Bu haftaki yazıyı kaleme almadan önce bir düşündüm, ne yazmalıyım diye. Bir yandan bunu düşünürken, diğer yandan da mümkünse politikanın dışında olsun diye düşünmekten de kendimi alıkoyamıyorum.
Bu, politikayı önemsiz veya gereksiz gördüğümden değil. Aksine politika hem önemli ve hem de gerekli. İstesek de istemesek de hayatımızın bir parçasıdır politika. Hele hele bir de politikanın gündemi yaşadığımız ülkenin idaresi ise ve bir de buna talip olanlar varsa, tümden ilgilendiriyor. Dolayısıyla bu durumda politikaya bigâne kalmak da mümkün olmuyor.
Gördüğümüz gibi, birçok siyasi parti ülkenin idaresine talip.
Seçmenler bir cumhurbaşkanı ve 600 de milletvekili seçecekler.
Cumhurbaşkanlığı için muhtemelen 5-6 kişi yarışacak. 600 milletvekilinden biri olmak için aday adayı olarak başvuranların sayısı binlerle ifade edilmektedir. Seçilecek sayının 20 katı bir başvuru var. Ve hangi partiden başvurmuş olursa olsun, hepsinin ağzından çıkan ilk cümleler aynıdır: Türkiye için… Milletimiz için… Vatanımız için…

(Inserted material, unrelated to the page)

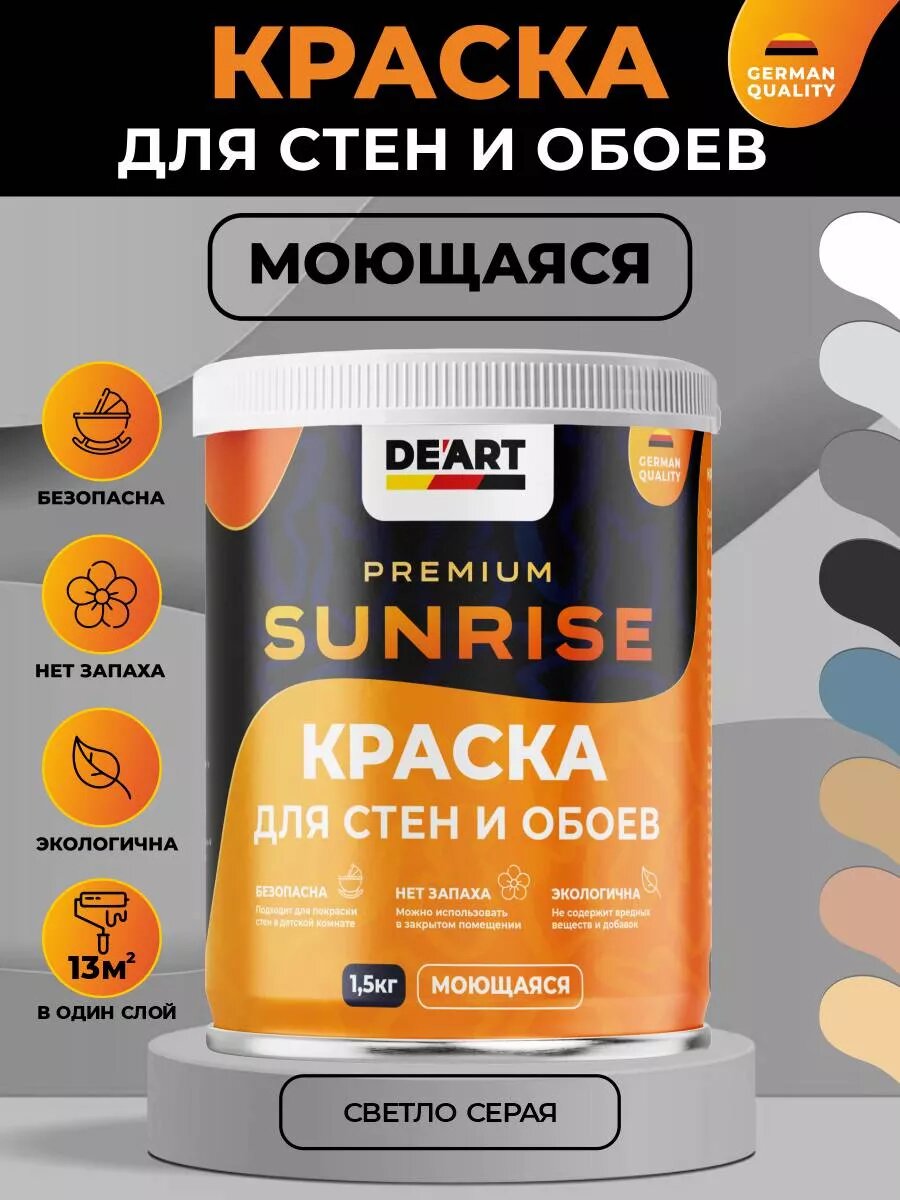 Водоэмульсионная краска для стен и обоев моющаяся, светло-серая 1.5кг информация:

Sanırsınız ki, hepsi fena fi Türkiye, fena fi millet ve fena fi vatan olmuş ve hiçbiri zerre kadar bile olsa kendisini düşünmüyor.
Aday adaylarından en fazla dikkatimi çekenler de Ak Parti'den başvuranlardır. Mesela “dava” kelimesi hiçbirinin dilinden düşmüyor. Sayın Erdoğan başta olmak üzere bu hareketin ve bu Ak Parti'nin evveliyatını, deyim yerindeyse cemaziyelevvelini az çok bilen biri olarak bir bu adaylara bakıyorsunuz ve bir de bu hareketi bir film şeridi gibi gözlerinizin önünden geçiriyorsunuz, belki de %90'ı bile hiçbir karede yok. Bunlardan ne kadarının 15 Temmuz'da meydanlarda oldukları da önemli.
Her partinin önceliklerinin, olmazsa olmazlarının olması anlaşılabilir bir şeydir. Bunu anlarız. Ama anlayamadığımız, bir insan bu kadar mı kendi ihtiraslarını, ikbal ve istikbal hesaplarını ve kısaca bireysel çıkarlarını din, milliyet, vatan, millet, devlet ve laiklik gibi değerler üzerinden pazarlayacak kadar ileri gider?
Mutlaka aralarında içi dışı bir olanlar da vardır. Ama çoğu iddialarında dürüst gelmiyor insana. Çünkü daha attıkları ilk adımda inandıklarını söyledikleri değerlerini ve ilkelerini çiğniyorlar.
Örneğin, kendisini yıllardır tanıyorsunuz, ömrü İslam'a ve Müslümanlara karşı olmakla ve onlara karşı savaşmakla geçmiş ve hala öyle, ama üç beş oy almak adına kendisinin de Müslüman olduğunu söyleyebiliyor. Veya düne kadar İslam kardeşliği ve ümmet demiş ve her türlü ırkçılığı-milliyetçiliği reddetmiş, ama bugün, “ben de milliyetçiyim” diyebiliyor. Yine bakıyorsunuz, kendilerini Atatürkçü olarak tanımlayanlardan bazıları, birileri için, “ben de Müslümanım” dediği gibi, kendilerini Müslüman olarak tanımlayanlardan bazıları da, “ben de Atatürkçüyüm” diyebiliyor. Hâlbuki kendisi olamamış bir kişi Atatürkçü olsa ne yazar, Müslüman olsa ne yazar!
Bütün bunlardan hareketle naçizane geldiğim nokta şudur: İnsan için hayatın özü, kendisi olmasıdır ve kendisi için yaşamasıdır. Eğer bir kişinin kendisine hayrı yoksa başkalarına da hayrı olmaz. Bir kişi, elde ettiği nimetleri elindekilerle birlikte diğer insanlarla paylaşıyorsa eğer, o gerçekten onlar için de var. Bu erdemde olan kişi de haddizatında kendisi için yapmış oluyor. Çünkü balık bilmese bile Halık bütün bunları onun amel defterine kaydediyor.
İdarecilerini seçme süreci yaşayanlar bilmeliler ki, kendileri nasıl iseler, başlarına gelecek olanlar da aşağı yukarı onlar gibi olacaktır. Hala kendisi olamamış kişileri kendilerine idareci olarak seçenler, doğal olarak sonuçlarına da katlanacaklardır.